You, Inc. is the idea that you are making your own career. Your career isn’t defined by an employer; it’s defined by you and the skills you possess which can be transferred to any organization–maybe even your own.

Generation X introduced the You, Inc. movement. Raised by single parents or two-parent working households, this generation was the first generation of ‘latch-key kids’. As a result, Xers are self-sufficient and independent thinkers.

In work, Xers emphasize personal satisfaction as being the most important. Unlike the Boomer leaders, which focus on corporate progression and monetary reward, Gen X will lead with a focus on nurturing individuals, personal development, autonomy, and work-life balance.

Can you hear the mosquito? It’s buzzing loud and clear.

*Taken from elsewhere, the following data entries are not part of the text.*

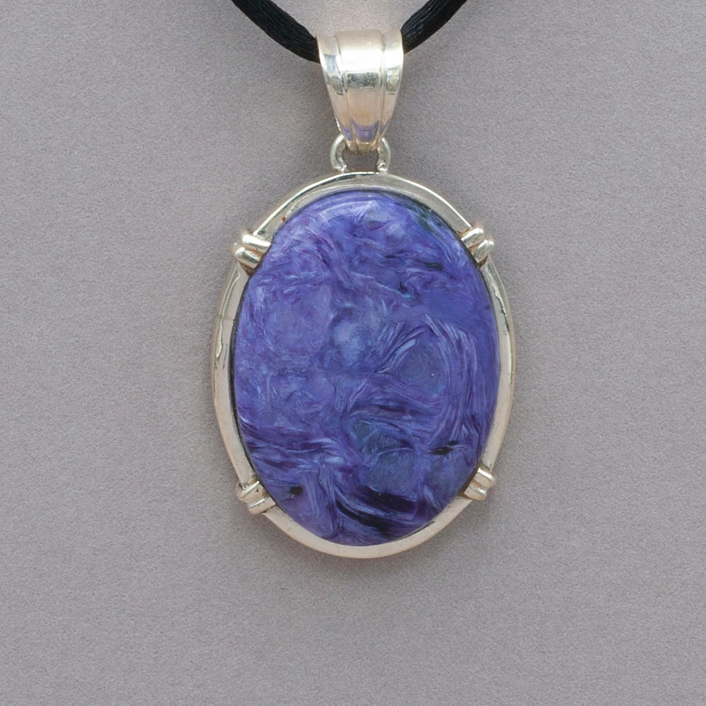 Charoite set in sterling silver. Charoite is found mostly in Russia and Siberia. Pendant measures 2″ long, 1 1/8″ wide. sam charo10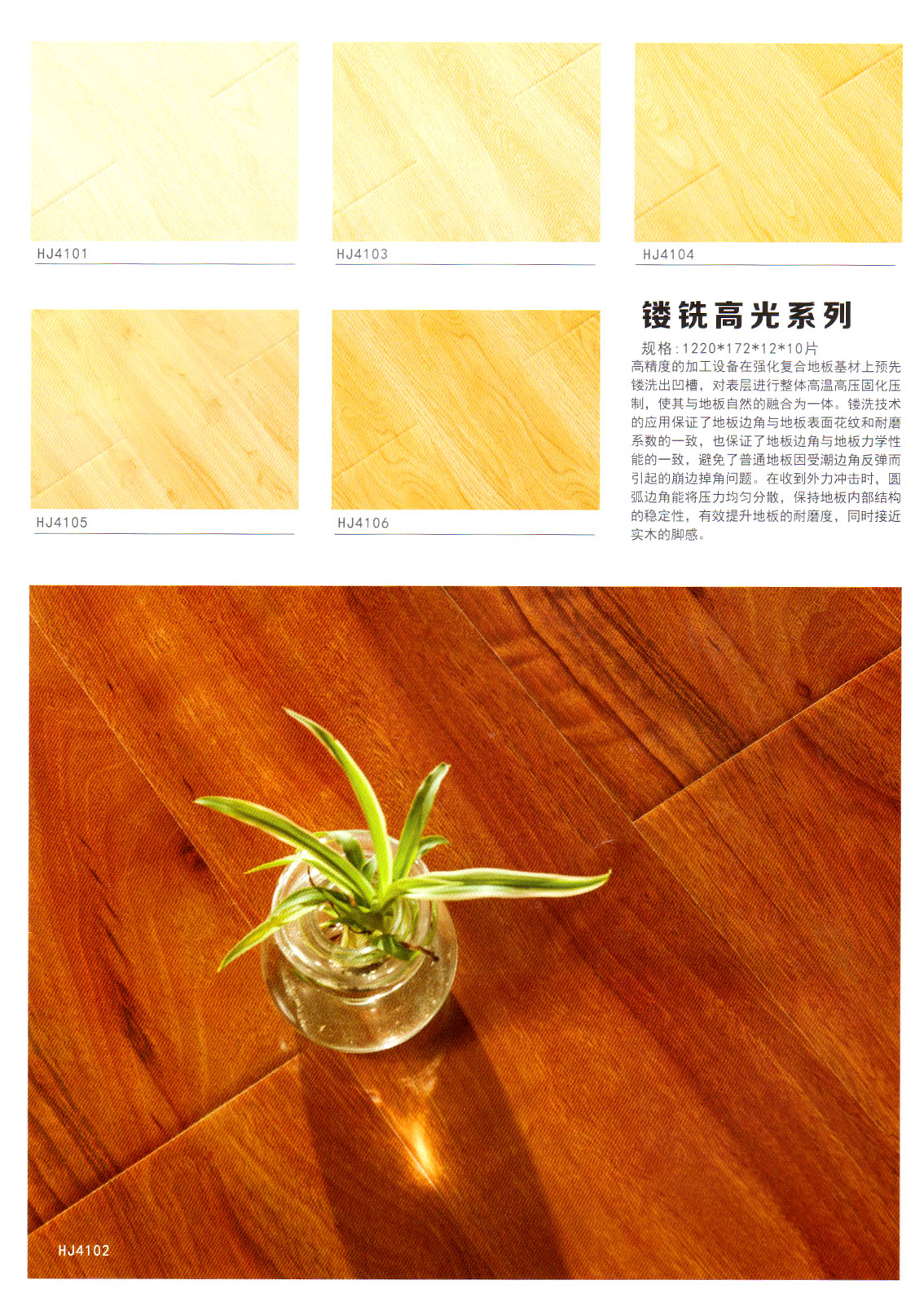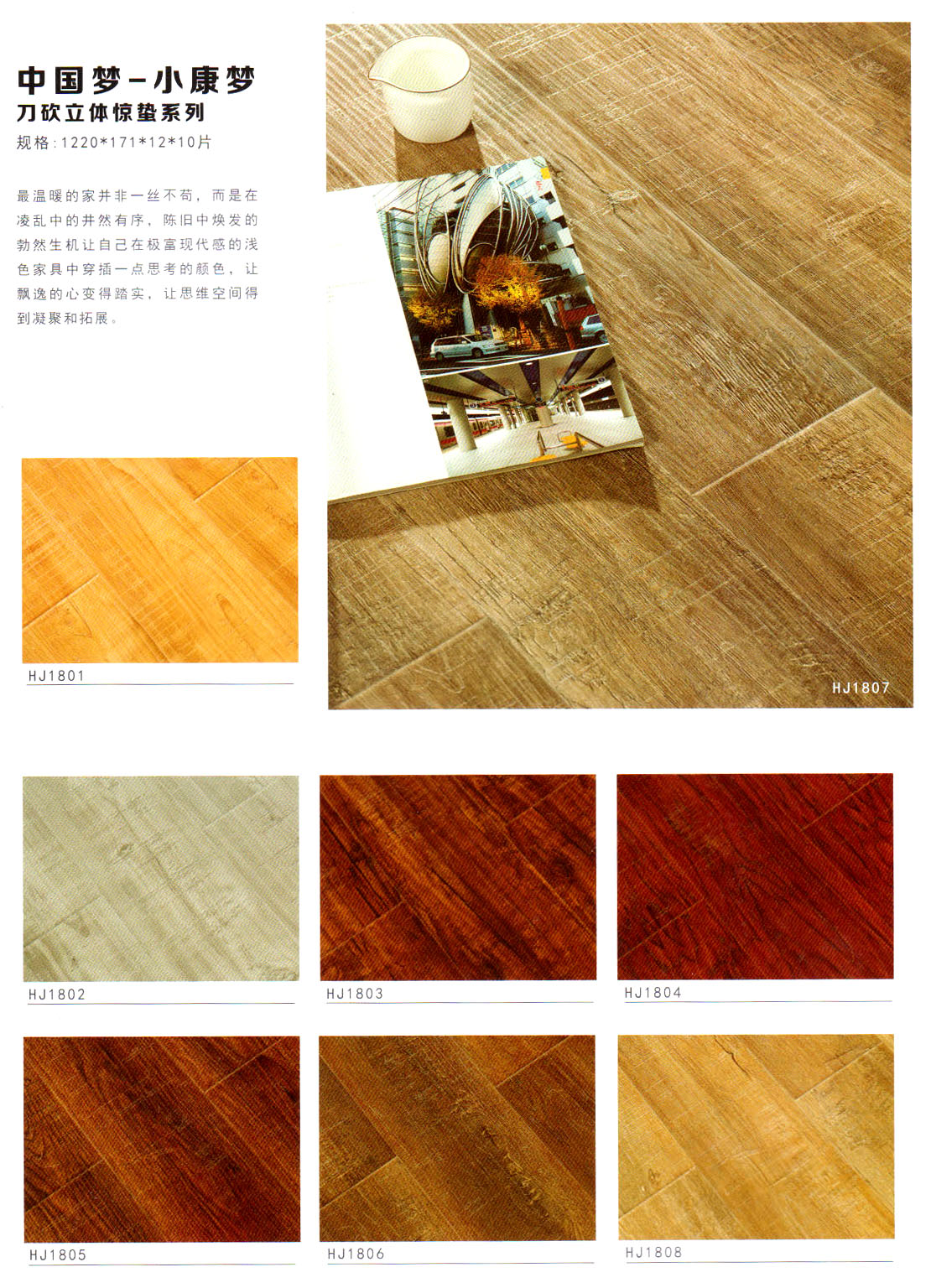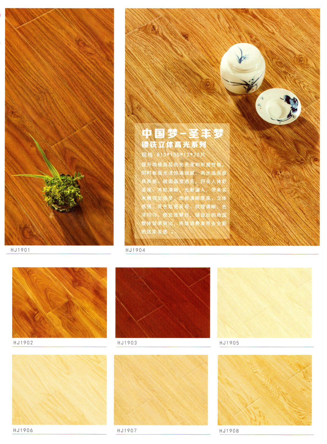 目前我們主要經(jīng)營“惠居”、  “靈盛”牌木質(zhì)強(qiáng)化地板,現(xiàn)在已經(jīng)開發(fā)出水晶面、羽絲面、浮雕面、立體刀砍紋、手抓紋、4v仿實(shí)木、金剛淋漆面、模壓面、橡木真木紋、防水系列等多個(gè)系列產(chǎn)品,涵蓋了市場上所出現(xiàn)的所有產(chǎn)品系列!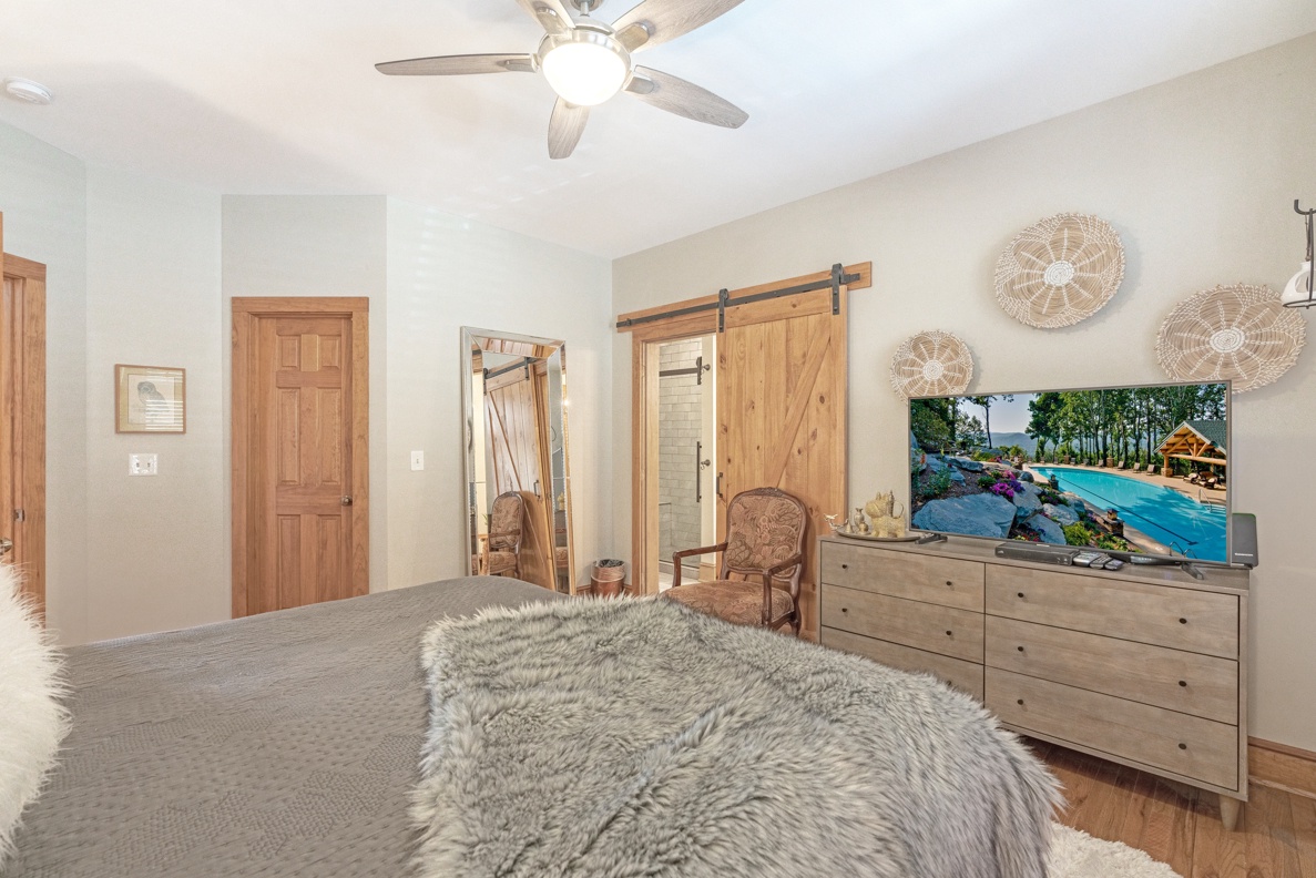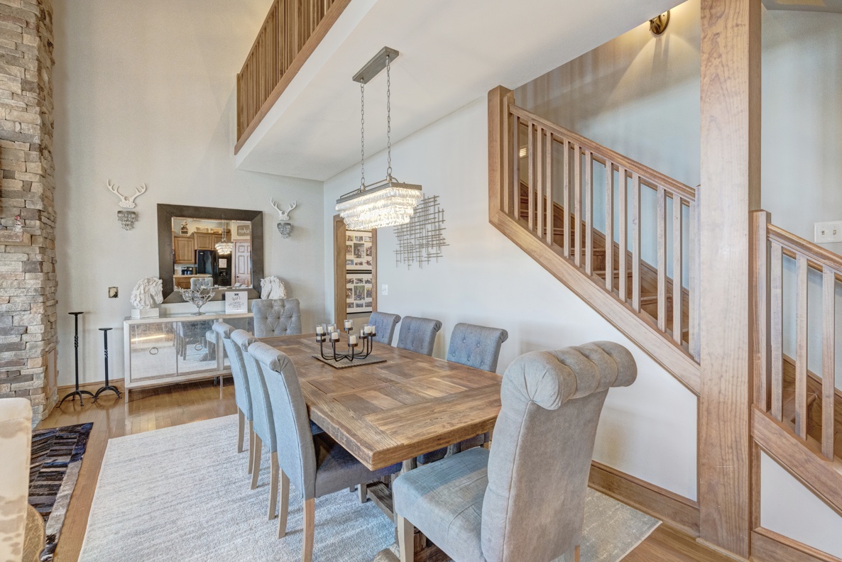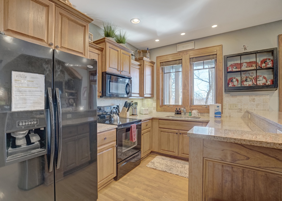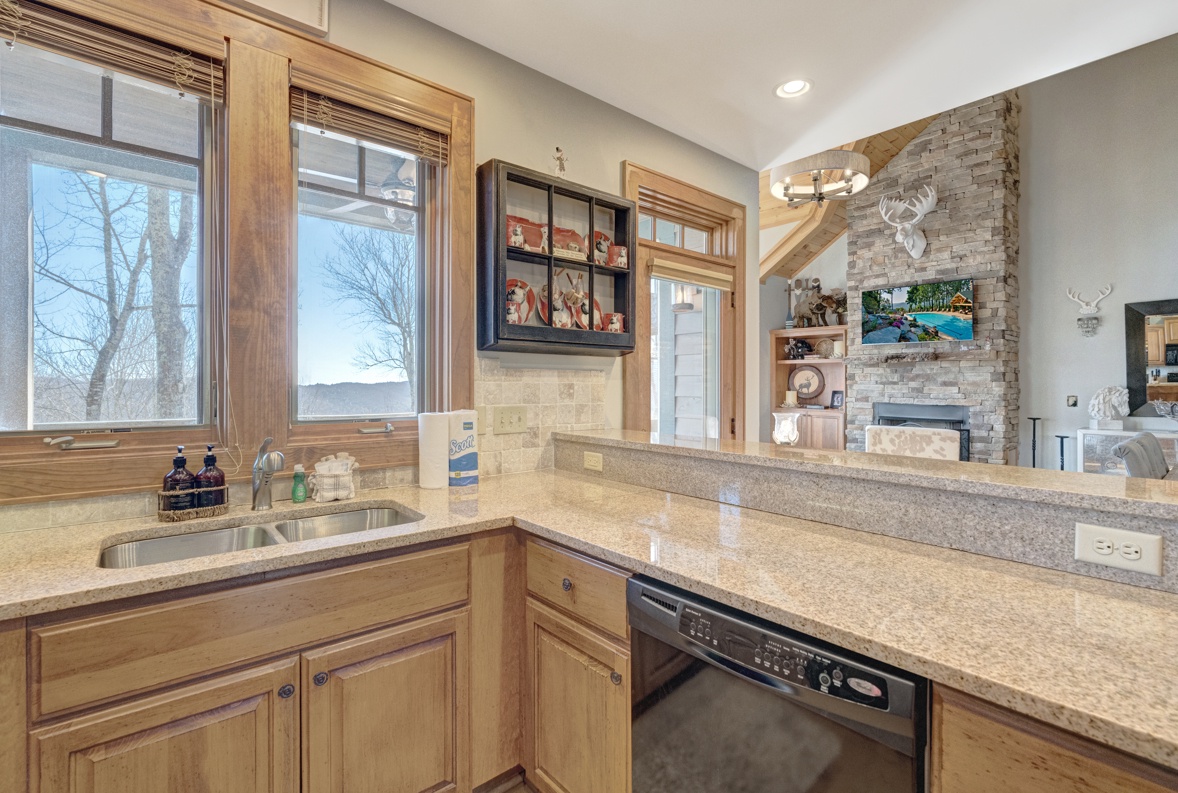 The great room, anchored by a stone fireplace, sets a cozy atmosphere. Curl up with a book by the fire or enjoy entertainment on the 54” flat-screen Smart TV. Stay connected with WIFI internet, and dine in style with our seating for 6. Our fully equipped kitchen invites culinary adventures, complemented by a large propane grill on the balcony. For those preferring take-out, local restaurants are just a short distance away.

Unfortunately, most companies are still trying desperately to ignore it. A new report, which drew upon surveys of senior executives across 19 countries for two years, reveals 59% believe organizations are unprepared for the arrival of Gen X to leadership and all the changes that will surely follow.

Employers have been sleeping peacefully, and they are about to have a rude awakening. It is our hope more employers will chose to wake up, embrace the opportunity, and prepare Xers for the awesome responsibility that lies before them.

Either way, the Xers are moving into power and their arrival is going to make a big, noticeable difference. Buzz-buzz!